I've been a little slow to get with the program of how my colleagues interact with each other. Ours is a Google-based office, and though I'm familiar with a number of Google office tools individually, I've never had to use them all as a coordinated work environment. I was having particular trouble with hangouts, which, it seems, doesn't really work unless one keeps open the respective chat windows with each individual one normally interacts with. I also needed to remember to use Google calendar as a way of going to video meetings, since that was the only place where the link for how to get to those meetings could be found. By noon today, though, I had these things mostly figured out and my colleagues had stopped sending me emails patiently urging me to "turn on hangouts."

This afternoon, the chimney expert Gretchen had called came out and had a look at our chimney. As expected, the problem was in the chimney cap, where so much creosote had accumulated that smoke could now barely escape. Aside from that, though, the chimney guy reported that our chimney was in good shape, and that there wasn't much creosote clogging the long vertical run of pipe. This was great, because it provided Gretchen the reassurance that in general my chimney-cleaning protocol is an effective one. The chimney guy could've easily been dismissive of my dilettantish chimney maintenance efforts (and, had he been so, he might well have convinced Gretchen to schedule his services regularly), but no, he respected my DIY attitude and even admitted I could have easily done what he'd done had I just climbed up on the roof myself.

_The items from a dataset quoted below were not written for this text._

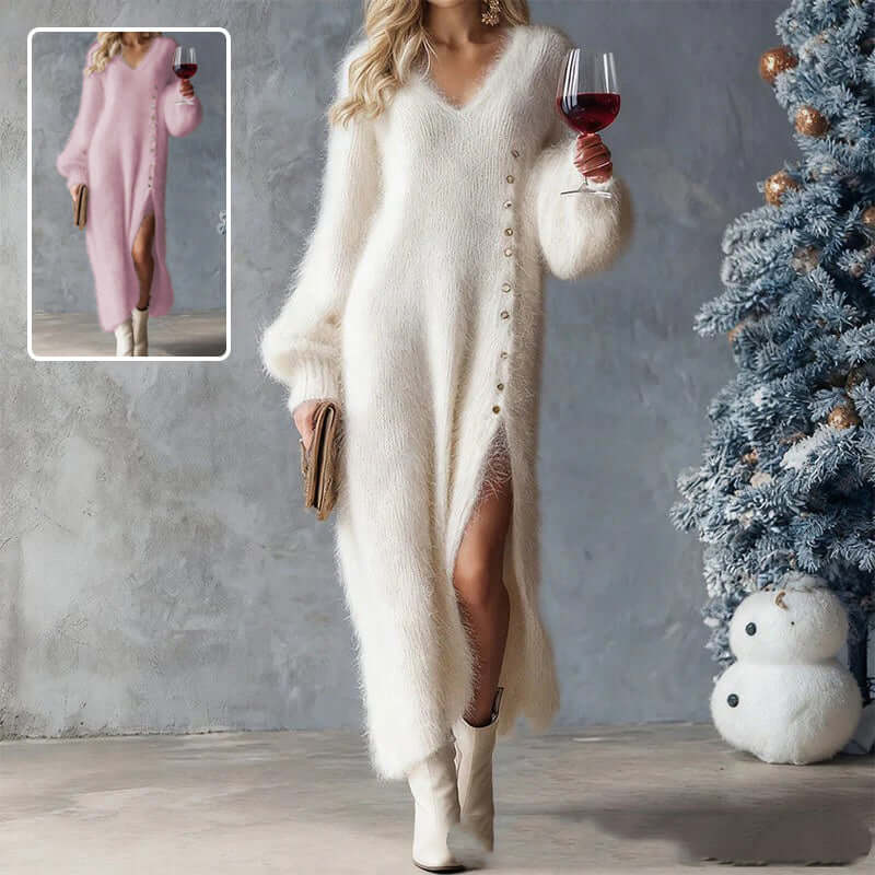 Chic Split Knitted Dress With Buttons Design Winter V-Neck Fleece Maxi Dresses Evening Party Club Fashion Women's Clothing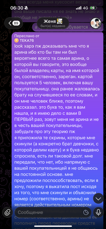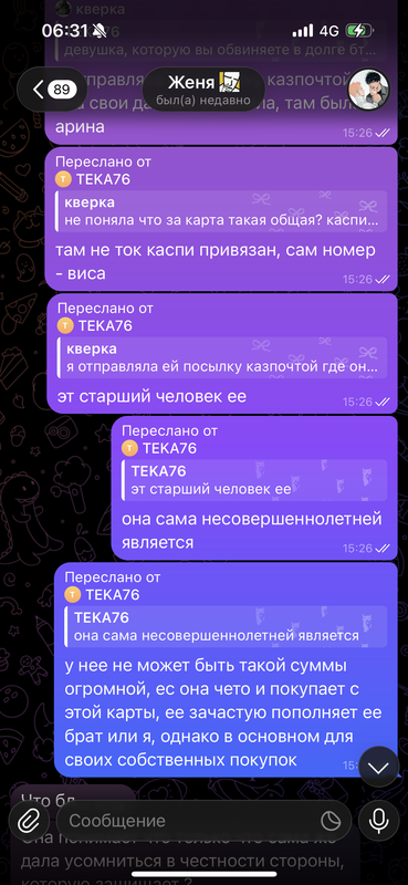 далее идет переписка уже Админа Тгк и Теки: напоминаю действия происходят в октябре 2025 года
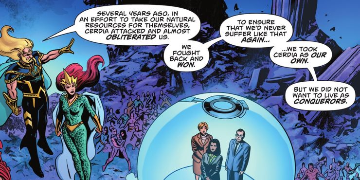 Cuando el país de Cerdia ataca el reino de Atlantis de Aquaman, los atlantes responden no solo tomando represalias sino también anexionando el país.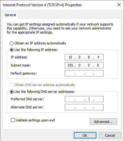 내부망 통신용 어댑터 설정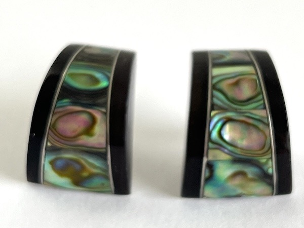 Abalone and Black Curved Post Earrings

Later a couple Gretchen knows (and whom I had probably met) came over with their three rescue dogs for a social call that I largely avoided (since I was, remember, at work). Later, though, I took a brief break to give a tour of the brownhouse/greenhouse area. The couple really seemed to love all my crazy environmentalist projects, even my brownhouse and urinal system. While I was trying to show off the greenhouse basement, Ramona started making menacing grimaces at one of the couple's dogs and it soon erupted into a fight. It took Gretchen and the male half of the couple to pull the dogs apart. And then out on the east deck Neville climbed up on the table and ate a bunch of crackers, dip, and Asian noodles before anyone noticed what was happening. Neville is generally a good dog and no trouble at all, but we can't just leave food on a table like we used to with him around.

This evening when I started a fire in the woodstove, it lit right up immediately without all the blowing and retries that starting a fire had required when the chimney cap had been clogged. Like a frog in a frying pan, I'd slowly adjusted to the increasingly-intolerable situation as the creosote accumulated.